Reuters news reported yesterday that, “U.S. production of corn-based ethanol could reach 14 billion gallons in 2014 because of positive margins for processors and demand from buyers, Archer Daniels Midland Co’s chief executive said on Wednesday.

Production could be ‘in the 14 billion range’ even if the U.S. Environmental Protection Agency (EPA) lowers its target for use of renewable fuels, ADM CEO Patricia Woertz said in a webcast of a Morgan Stanley conference. Illinois-based ADM is the top U.S. ethanol producer.”

The article explained that, “U.S. farmers are harvesting a record-large corn crop this year and replenishing inventories depleted by last year’s historic drought. The influx of supply has pushed corn futures to three-year lows and ethanol margins to their highest level since late 2009, the last year of a record corn harvest.

“The EPA has considered a proposal that would set next year’s target for use of renewable fuels at 15.21 billion gallons, according to a leaked draft of the proposal.

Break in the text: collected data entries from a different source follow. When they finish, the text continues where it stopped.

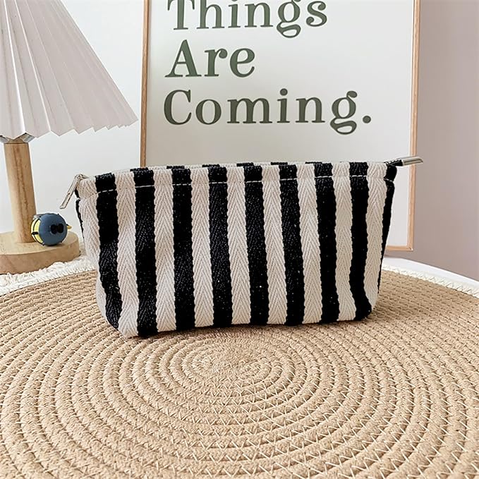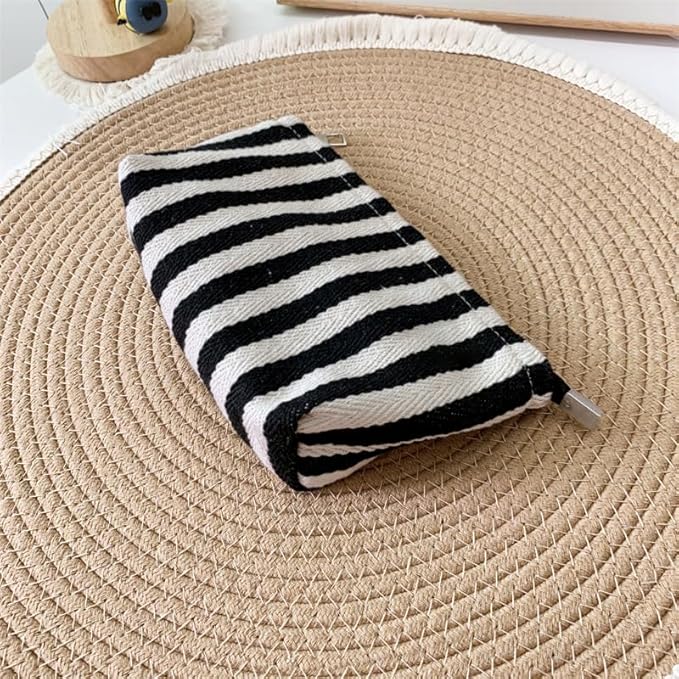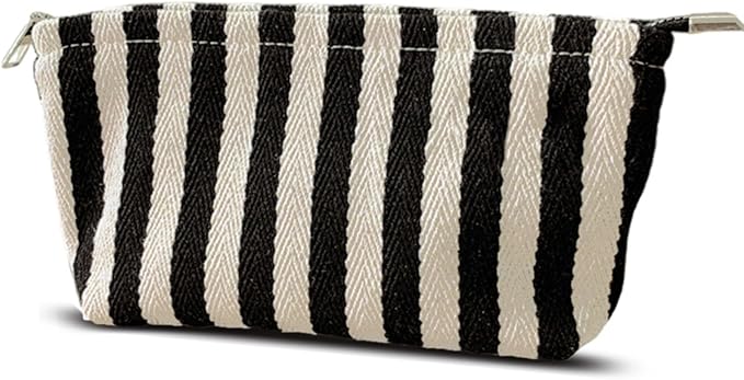 HAPPYHEIDI Small Black White Stripe Makeup Brush Bag Zipper Pouch Women Girls Purse Organizer,Canvas Lined, Premium Zipper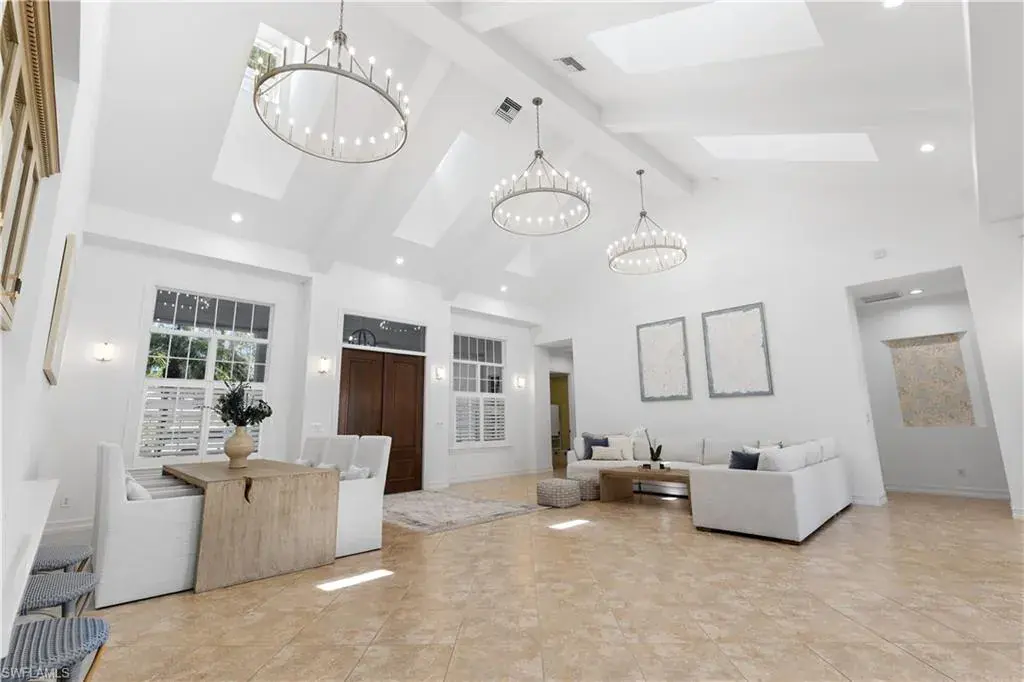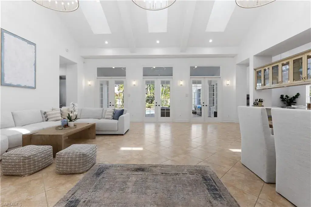 Soaring ceilings with multiple skylights fill this stunning 4 bedroom plus den pool home with abundant natural light. Designed for both family living and effortless entertaining, the layout includes a private living suite—ideal for a live-in nanny or in-law. The spacious kitchen is a host’s dream, featuring dual dishwashers, an ice machine, two sinks, a separate breakfast bar with a wine cooler, and more. A durable metal roof and accordion shutters provide enhanced hurricane protection. Nestled in the prestigious Moorings community, this home offers an upscale lifestyle with mature surroundings, exceptional Gulf and beach access, and close proximity to world-renowned shopping, dining, and entertainment. A true haven for boaters, golfers, and beach lovers alike.
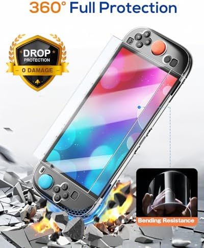 Protective case & HD screen protector: Made of transparent polycarbonate (PC), the switch 2 case reduces yellowing and dust accumulation (compared to TPU/silicone). Combined with two 9H tempered glass screen protectors, it provides scratch resistance while preserving the original touch sensitivity and visual clarity. (The protective case and screen films ONLY compatible with Switch Gen 2)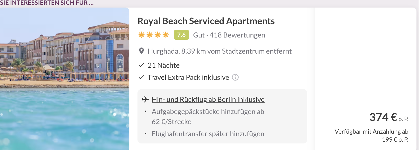 3 Wochen Urlaub mit Flügen im 4* Hotel für UNTER 400 € ist nicht schlecht oder? Also nicht zu lange überlegen und noch von krassen Frühbucher-Preisen profitieren. Schaut euch doch unten mal unser Beispiel an. Generell gibt es aktuell noch ein paar weitere Hotels für ein ähnliches Budget. Wählt einfach euren Favoriten aus. 🤩 Auch kürzere Zeiträume sind möglich!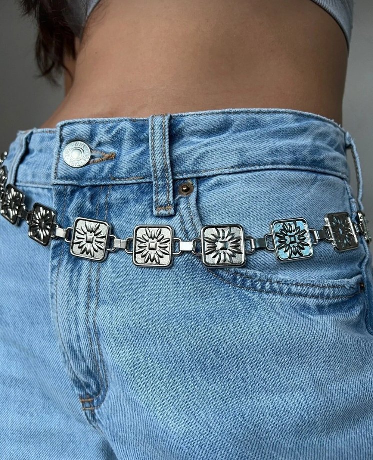 Çiçek Desenli Silver Zincir Kemer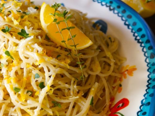 This pasta dish is light, delicious and perfect as an entrée or a side dish. It's quick and easy to make a lovely Meyer lemon pasta sauce. You might just make it your go-to recipe.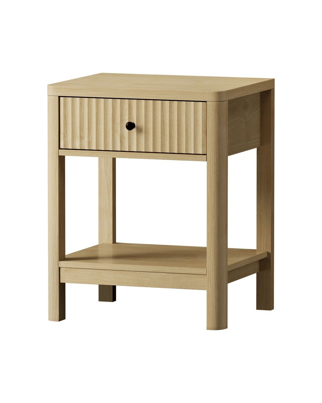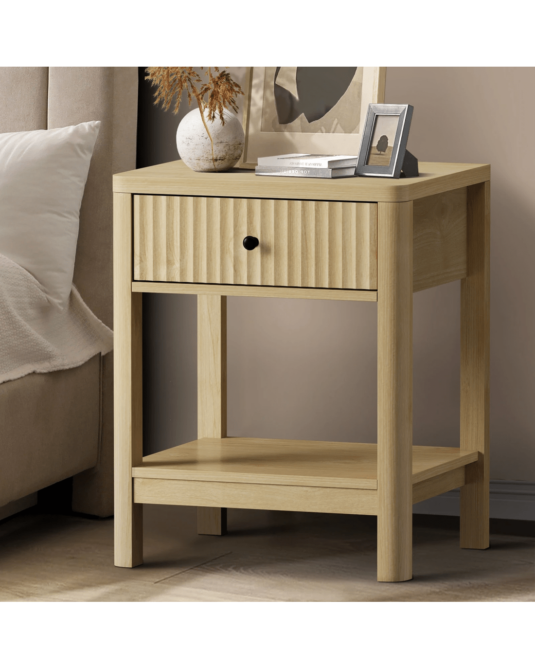 With its attractive woodgrain textures, our bedside table exudes instant designer vibes and will sit well with any modern and discerning home d篓娄cor. The beautiful rippled front panel of the drawer front further adds even more character and charisma to its elegant presence.
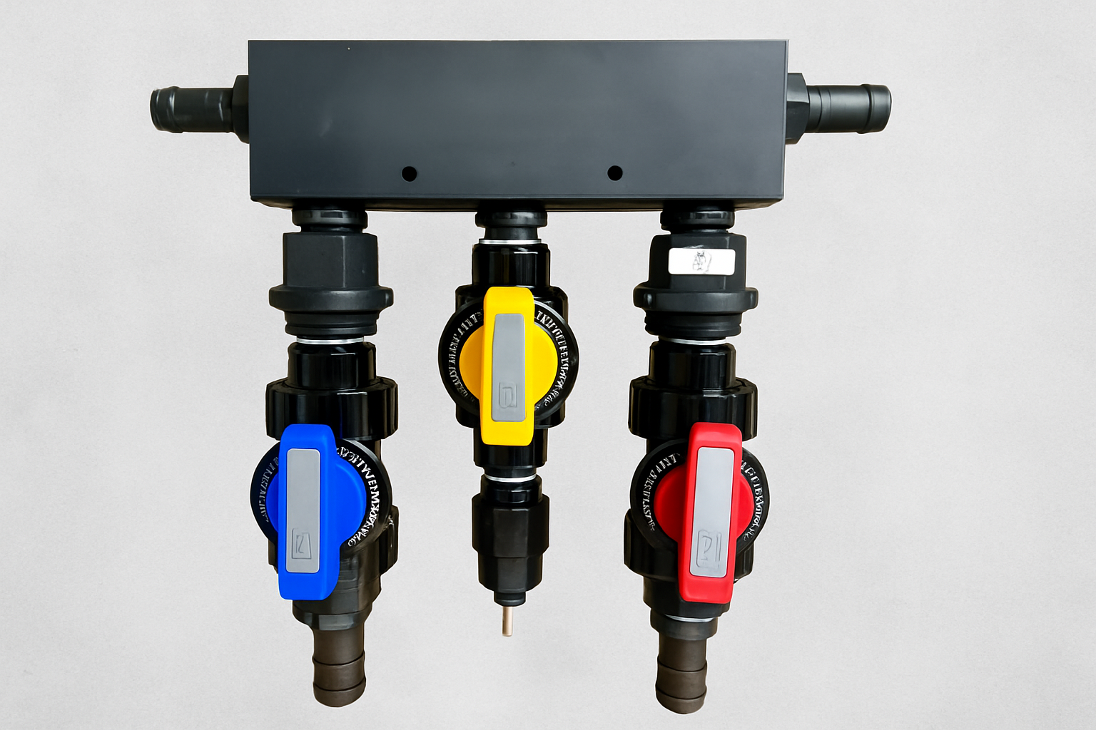 - Heavy-Duty Manifold Block: Corrosion-resistant polypropylene body designed to handle harsh chemical environments. (Also available in clear acrylic)
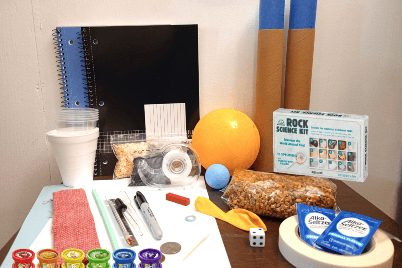 This kit does NOT include: a calculator, flashlight, desk lamp, scissors, water, vinegar, spoon, glass jars or cups, oven mitts, salt, paper towels, knife, textbooks, sheets of paper, plastic water bottles, tablespoon, small casserole dish, measuring cups, leaves, sticks, pepper, can of soup, large bowl, olive oil, ice, pens, pencils, ruler, colored pencils, eraser.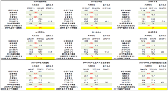 图表:大跌期间,估值往往先行收缩并提前打出未来盈利下调的空间,而市场触底反弹时盈利往往还在下调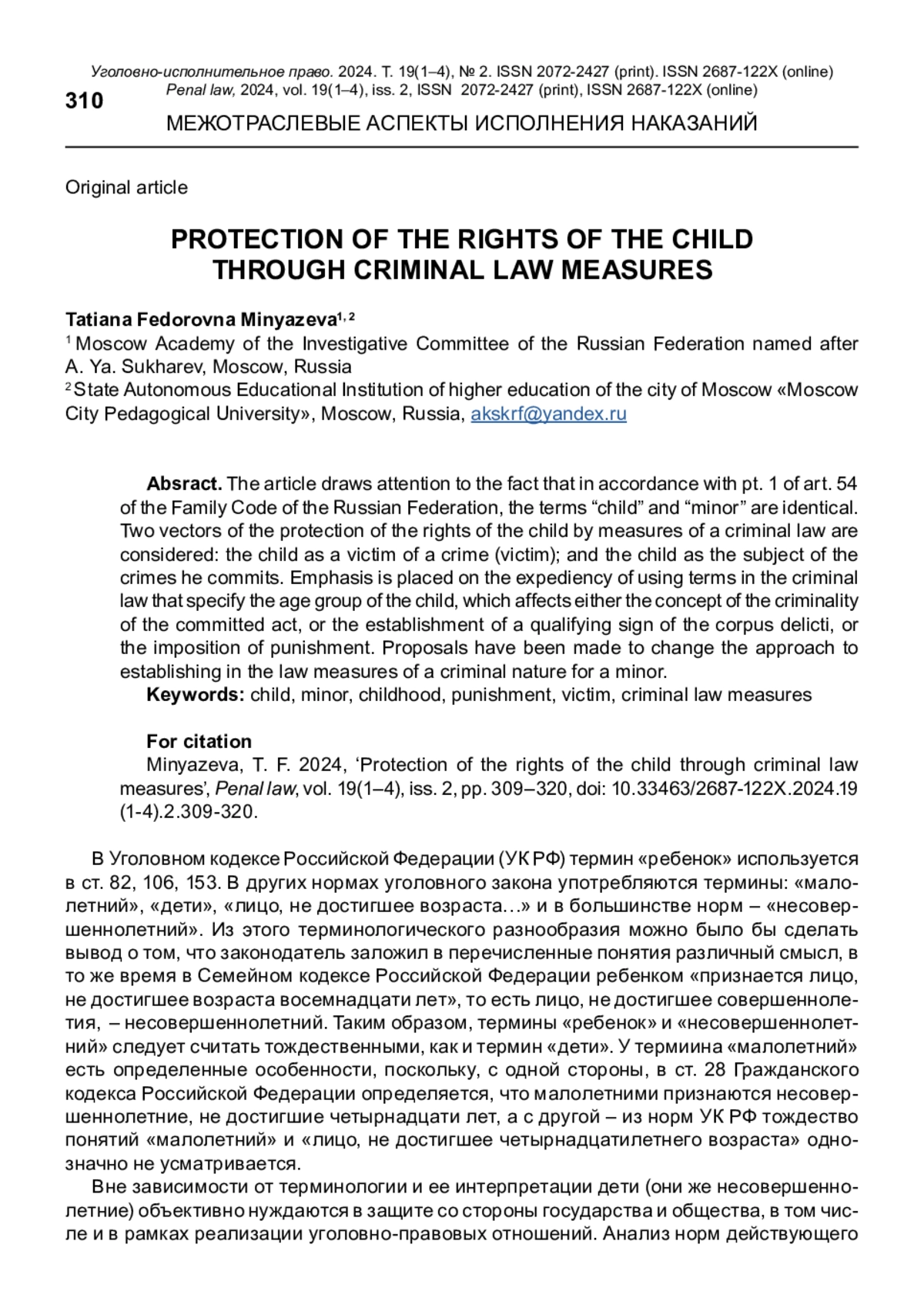 В статье обращено внимание на то, что в соответствии с частью 1 статьи 54 Семейного кодекса Российской Федерации термины «ребенок» и «несовершеннолетний» идентичны. Рассмотрены два вектора охраны прав ребенка мерами уголовно-правового характера: ребенок как жертва преступления (потерпевший) и ребенок как субъект совершаемых им преступлений. Сделан акцент на целесообразность употребления в уголовном законе терминов, уточняющих возрастную группу ребенка, влияющую либо на понятие преступности совершенного деяния, либо на установление квалифицирующего признака состава преступления, либо на назначение наказания. Внесены предложения об изменении подхода к установлению в законе мер уголовно-правового характера несовершеннолетнему.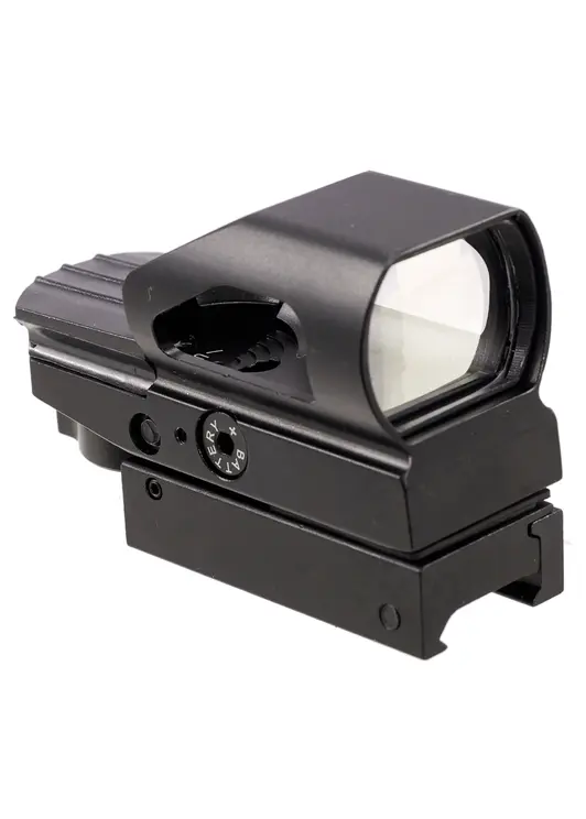 Коллиматор прицел дает пользователю выбор между 4 прицельными марками. Проворачивая маховик в тыльной части корпуса можно выставить следующие сетки прицела: традиционный dot, точку в круге, перекрестие с точкой и комбинацию приведенных марок. Изображение отображается в красном цвете.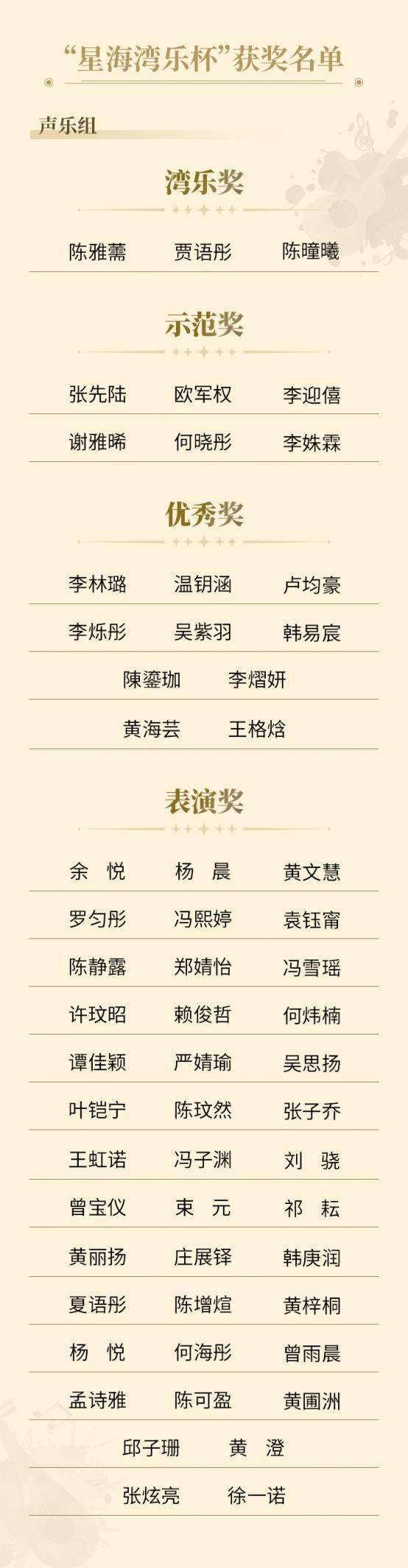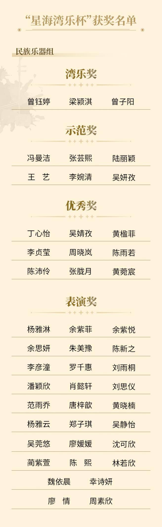 其中,荣获最高荣誉“湾乐奖”的选手将直接晋级,受邀参加于12月6日举行的总展演汇报演出,在更高规格的舞台上展现其艺术才华。

That would be less than the 18.15-billion gallon 2014 target established in the law.”



Laura Meckler and Kristina Peterson reported in today’s Wall Street Journal that, “The White House is intensifying its push to get an immigration overhaul through Congress this year, but House Speaker John Boehner cast new doubt Wednesday about the prospects for quick action.

“President Barack Obama brainstormed at the White House Wednesday with religious leaders over how to persuade House Republicans to move on the issue. Last week, the president met with business executives to urge them to speak out for action. He is planning other immigration events on the road, with a mix of national and local outreach, both behind the scenes and publicly. On Tuesday, Vice President Joe Biden talked to Roman Catholic leaders.

“But Mr. Boehner said House lawmakers wouldn’t vote on any immigration bills while Republicans work on ‘principles’ behind legislation. Many advocates for an immigration overhaul read the Ohio Republican’s announcement as a setback. Others saw hope that the speaker was setting a course that could lead the GOP House to take up legislation, which has stalled since the Senate passed a sweeping bill in June.”